「“ふつう”になりたい」と言われたら
今回は、子どもに「“ふつう”になりたい」と言われたら、というテーマです。
年が明けた頃から進路の相談が増えてきます。例えば、新しい環境に希望を抱いて、笑顔とともに「“ふつう”に進学したい」という子がいる一方で、周囲からの「どうするの?」という強いプレッシャーに押され、辛い顔で「行けるものなら“ふつう”に学校に行きたい」と答える子も少なくないように思います。
そんな「ふつう」という言葉をいったいどう捉えたら良いのでしょうか。いずれにしても、保護者としてその言葉を素直に受け取って良いものか悩んでしまいます。
不登校の特徴の一つに「不安」があります。

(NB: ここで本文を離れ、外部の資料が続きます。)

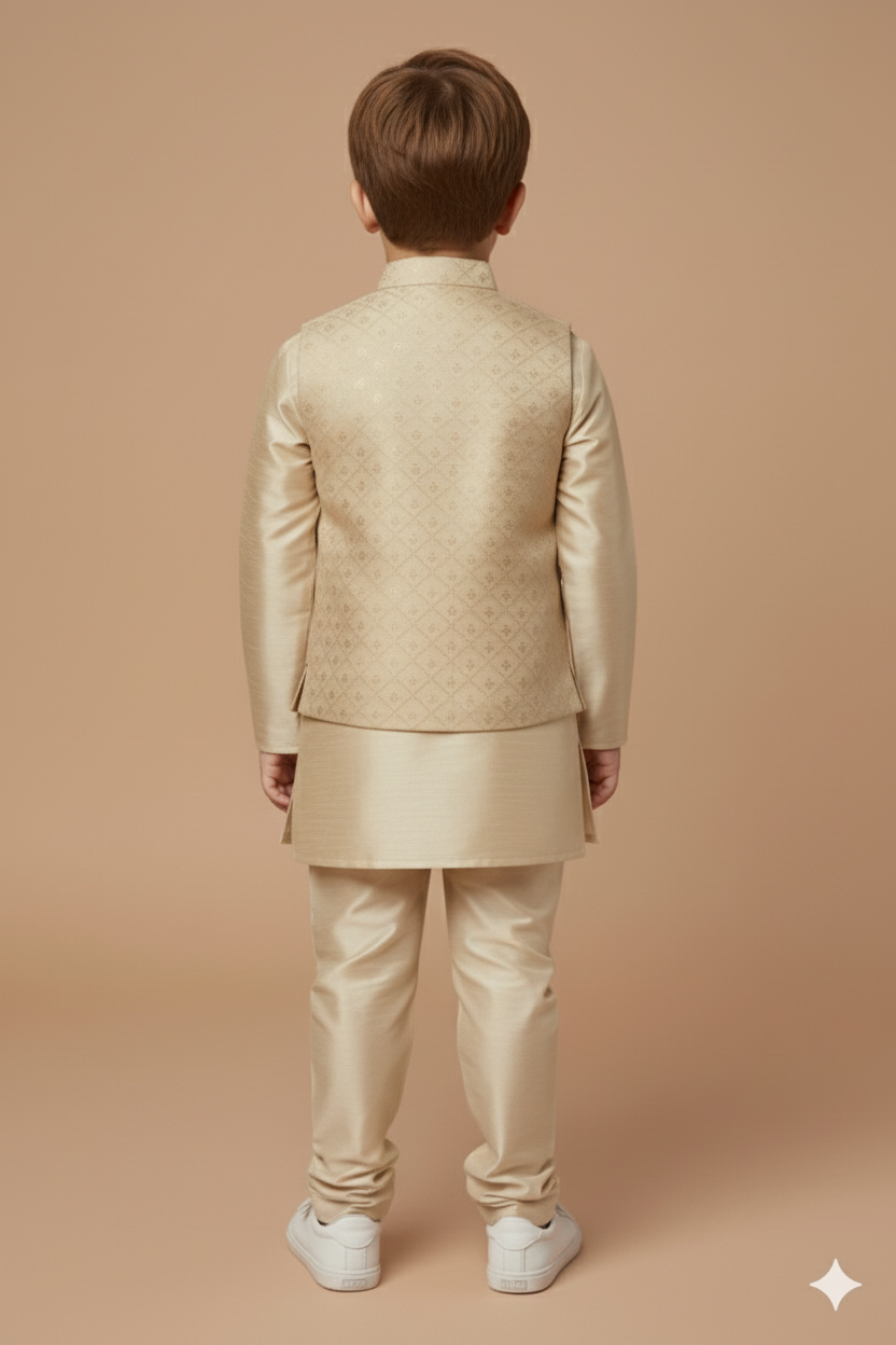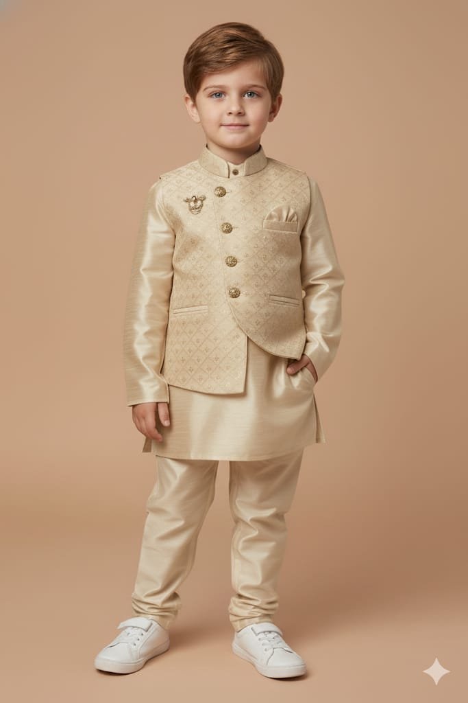 ✨ Elegant Cream Silk Waistcoat & Kurta Set (Size 4-5 Years)
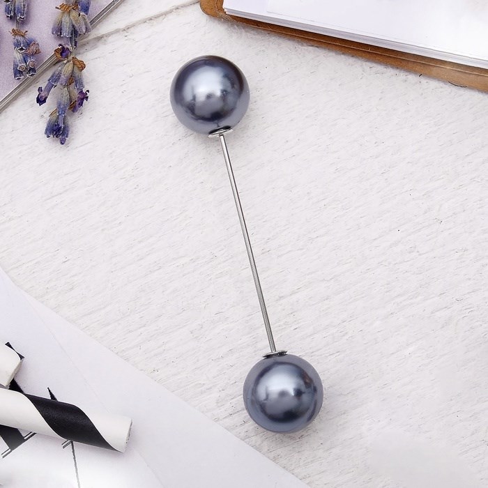 Булавка "Две жемчужины", 6,5 см, цвет серый в серебре 1353691
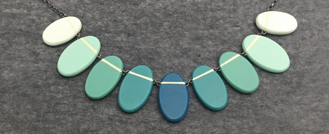 Karen creates bold, playful, colourful jewellery from resin and silver. She’s inspired by linear shapes found in nature, and recurring patterns. We asked Karen to tell us a bit about her work.
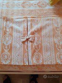Copriletto matrimoniale con decori colore giallo-oro. Ottima qualità e rifiniture. In omaggio, mantovana per tende. Il tutto è come nuovo. La foto del copriletto è stata fatta sul rovescio del tessuto, il lato principale risulta uguale al tessuto della mantovana.
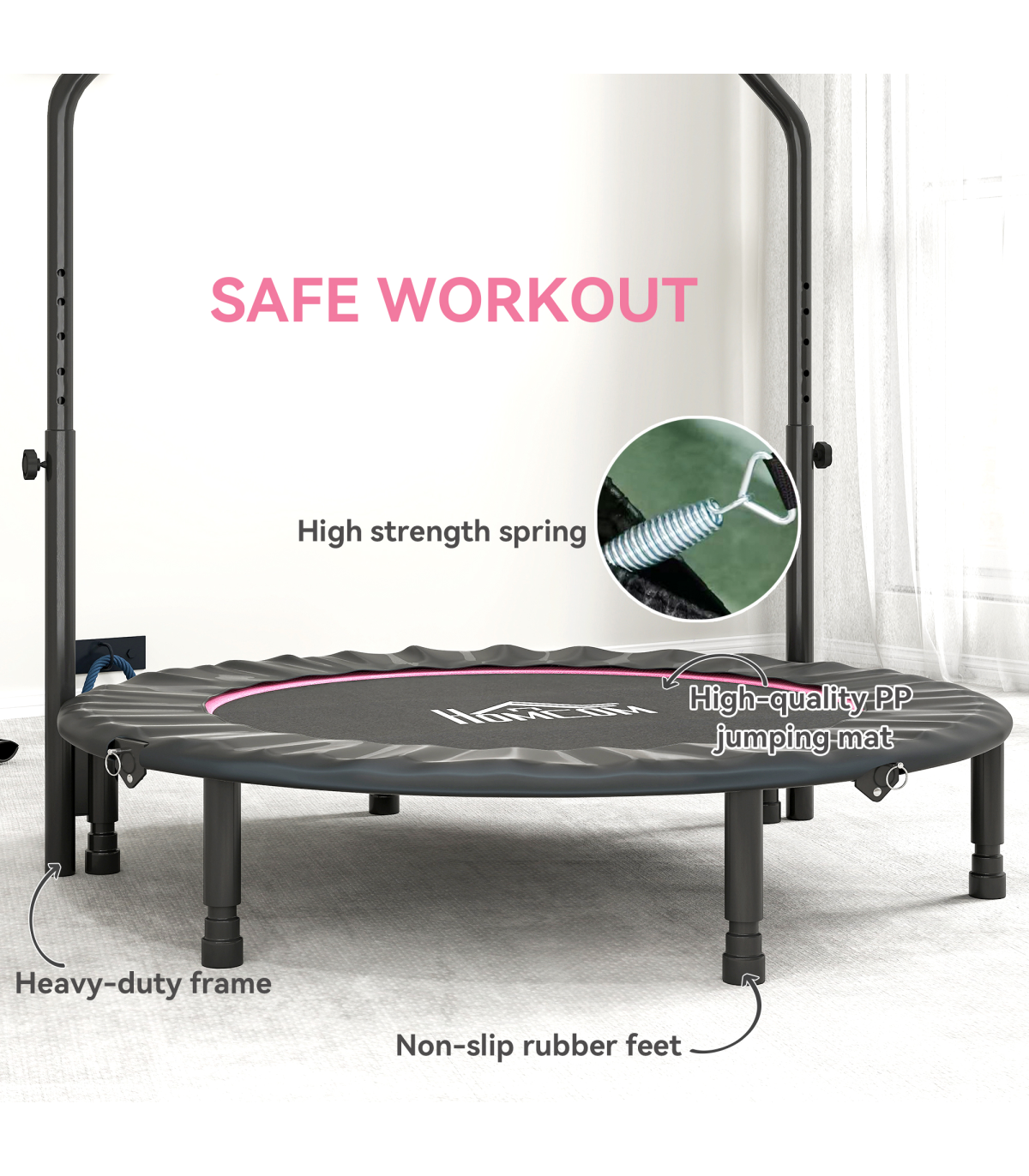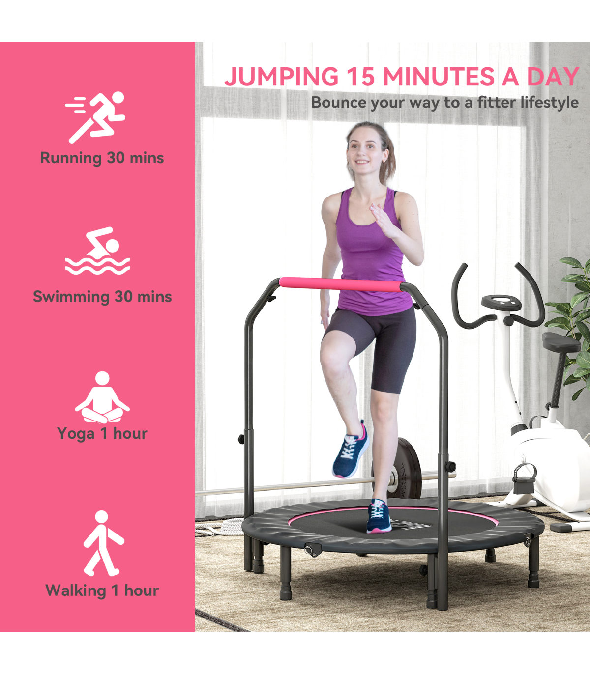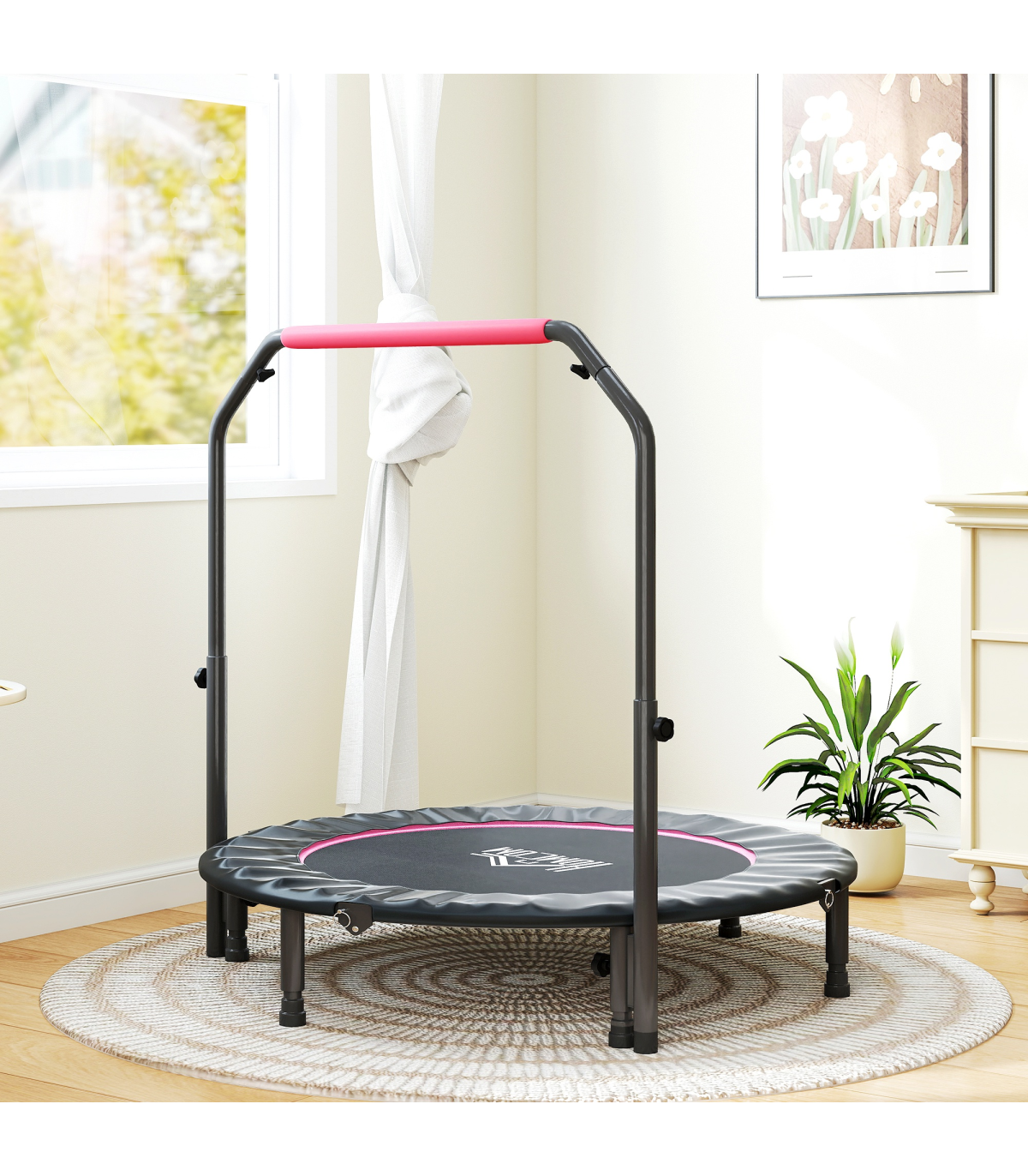 HOMCOM 48" Foldable Mini Fitness Trampoline w/ Foam Handle, Pink

不登校になってしまうことで、これからどうなるかわからないことへの不安です。その不安は学校に行っていたときにはなかったし、また行けるようになったら、その不安は消えるかもしれない。だから、わかりやすくて安心できるかもしれない「ふつう」を求めるのだと思います。逆に言えば、今はそれだけの「不安」があり、焦りや悩み苦しみがあるのかもしれません。
そもそも、「ふつう」という言葉は、「ありふれている」という意味なのに、どこか「ふつう」にとらわれてしまっているかのようです。そんな状態で、子どもの後押しをしても、子どもが背負うストレスは変わらないのではないでしょうか。
むしろ、今の自分が「ふつう」であることに気が付くことができるか。文科省が言う「根強い偏見の払拭」の意義はここにあると思います。
例えば、ネットや不登校イベントなどで、同じような境遇の友達ができて元気になってきた、という話はよく聞きます。きっと、それは、自分の中の「ふつう」が広がって、自分だけではない、と思えることで、不安が和らいだのだと思います。そして、それが、もっと広がることがわかったら、色々と選択肢を作ることができるようになります。
そんなとき、私が大切にしている視点は、子どもが好きなことに正直でいられるか、ということです。私自身も、今でこそフリースクールをやっていますが、子どもの頃は先生になることが夢でした。でも、学校の先生にとどまらず、子どもとじっくり向き合うという、自分の好きなことを少しずつ形にしていったら、フリースクールになったのです。
最近、ある学生がフリースクールで働きたいと話してくれました。それを聞いて、私はすごく面白く感じました。自分が子どもの頃にはフリースクールはなく、そこで働くということは考えようもなかったのですが、いつの間にかそれはみんなの「ふつう」になったようです。
同じように、子どもが大人になる時には、どんな未来があるのかわかりません。そこで大事なことは、自分の好きと強みを自覚できているかどうかだと思います。文科省も、不登校支援として、社会的自立ということを強く打ち出していますが、それは社会の中で自分がどう生きるかということではないでしょうか。
その一歩として、子どもの「ふつう」がもっと広がってほしいな、と思います。